Exercise details - Go to the line holding "急诊科黎玭为社区居民测量血压" in the data below and repeat it exactly, then each line after it up to and including the one holding "Lo trasladarán de". Omit pictures.

---- Records for the task

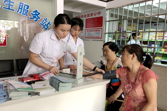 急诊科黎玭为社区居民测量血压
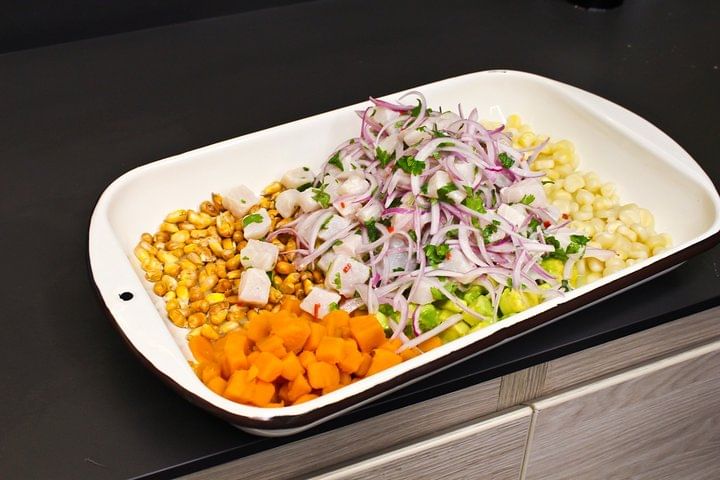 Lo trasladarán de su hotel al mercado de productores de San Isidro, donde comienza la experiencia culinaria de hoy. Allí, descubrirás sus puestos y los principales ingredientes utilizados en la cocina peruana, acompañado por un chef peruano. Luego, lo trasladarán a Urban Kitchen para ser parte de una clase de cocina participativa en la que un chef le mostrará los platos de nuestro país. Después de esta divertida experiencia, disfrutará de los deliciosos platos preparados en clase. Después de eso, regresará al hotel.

--------
---- Records for the task

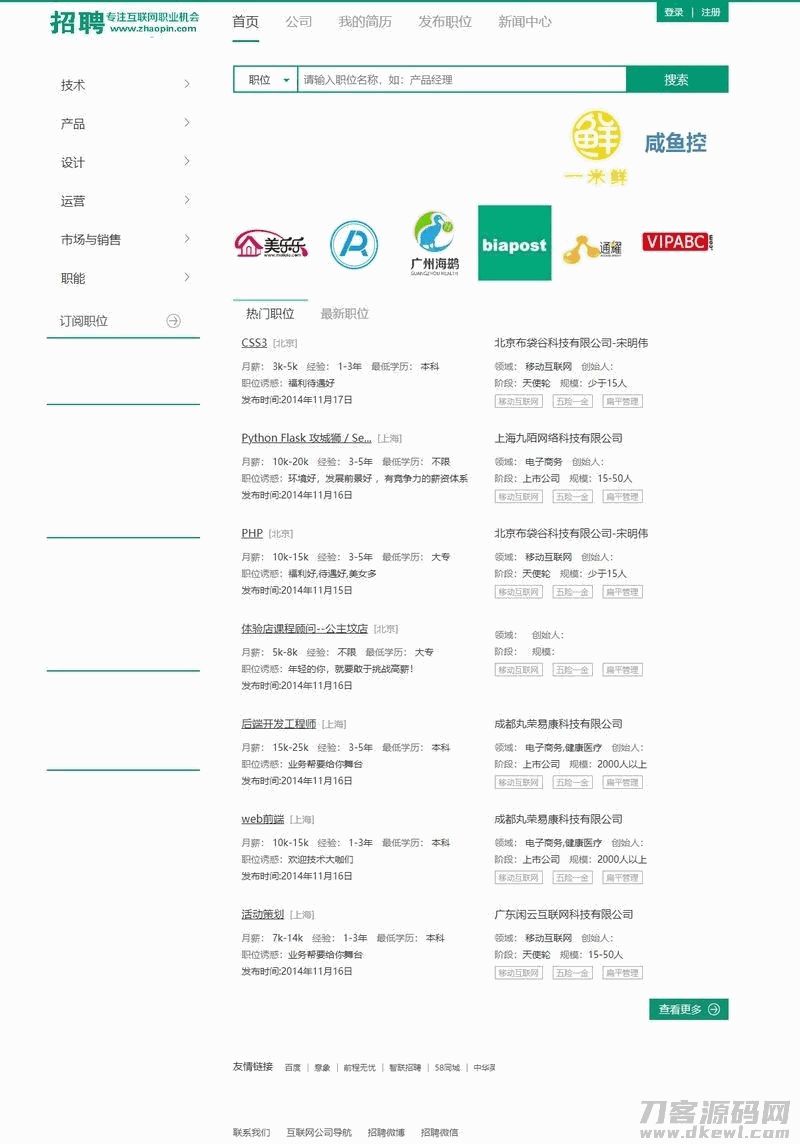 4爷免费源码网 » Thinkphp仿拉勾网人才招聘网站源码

--------
---- Records for the task

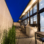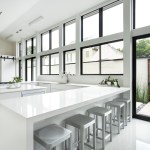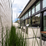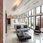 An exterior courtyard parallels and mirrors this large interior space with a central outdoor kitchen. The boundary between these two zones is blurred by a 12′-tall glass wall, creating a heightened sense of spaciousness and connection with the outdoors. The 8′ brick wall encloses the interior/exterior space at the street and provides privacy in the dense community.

--------

Response box -
 急诊科黎玭为社区居民测量血压
 Lo trasladarán de su hotel al mercado de productores de San Isidro, donde comienza la experiencia culinaria de hoy. Allí, descubrirás sus puestos y los principales ingredientes utilizados en la cocina peruana, acompañado por un chef peruano. Luego, lo trasladarán a Urban Kitchen para ser parte de una clase de cocina participativa en la que un chef le mostrará los platos de nuestro país. Después de esta divertida experiencia, disfrutará de los deliciosos platos preparados en clase. Después de eso, regresará al hotel.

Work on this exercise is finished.